A random sample of 400 tins of vegetable oil, labelled ""15 kgs net weight"' gave a mean weight of 14.25 kgs with a standard deviation of 1.50 kg. Do we reject the hypothesis of net weight of 15 kgs per tin on the basis of this sample, at 5% level of significance?

Expert's answer

We have that

$\mu = 15$

$n = 400$

$\bar x=14.25$

$s=1.50$

$\alpha=0.05$

$H_0:\mu = 15$

$H_a:\mu \ne15$

The hypothesis test is two-tailed.

Since the population standard deviation is unknown we use the t-test.

The critical value for 5% significance level and 399 df is $\pm1.9659$

(degrees of freedom df = n – 1 = 400 – 1 = 399)

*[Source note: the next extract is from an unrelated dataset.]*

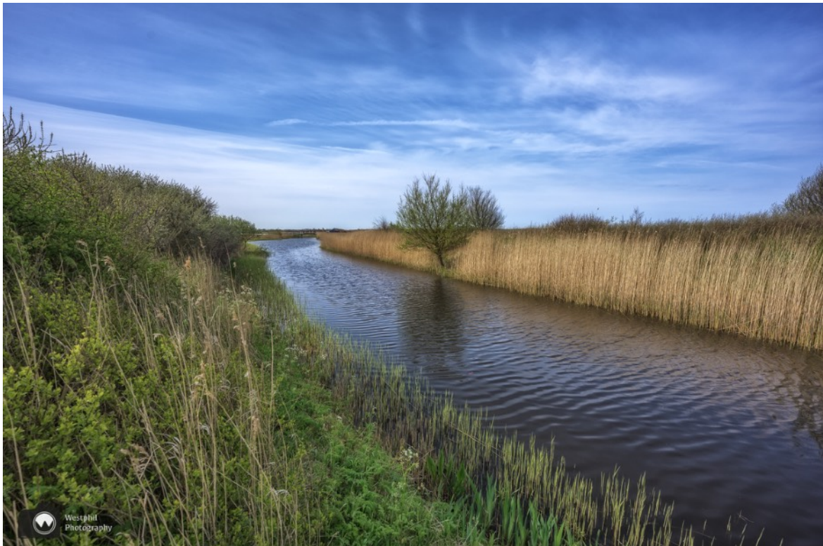
Een vogelrijk stukje riet.

Erg bontgekleurd is de braamsluiper niet, maar slechts weinig vogelsoorten hebben zo'n witte keel. Dat maakt dat, samen met zijn uitbundige zang, de braamsluiper niet zo moeilijk te herkennen is.

The critical region contains all values smaller than –1.9659 and larger than 1.9659

Test statistic:

t=\frac{\bar x - \mu}{\frac{s}{\sqrt n}}=\frac{14.25- 15}{\frac{1.5}{\sqrt {400}}}=-10

Since –10 < –1.9659 thus t falls in the rejection region we reject the null hypothesis.

At the 5% significance level the data do provide sufficient evidence to reject the hypothesis. We are 95% confident to conclude that the mean weight is not 15kgs per tin on the basis of this sample.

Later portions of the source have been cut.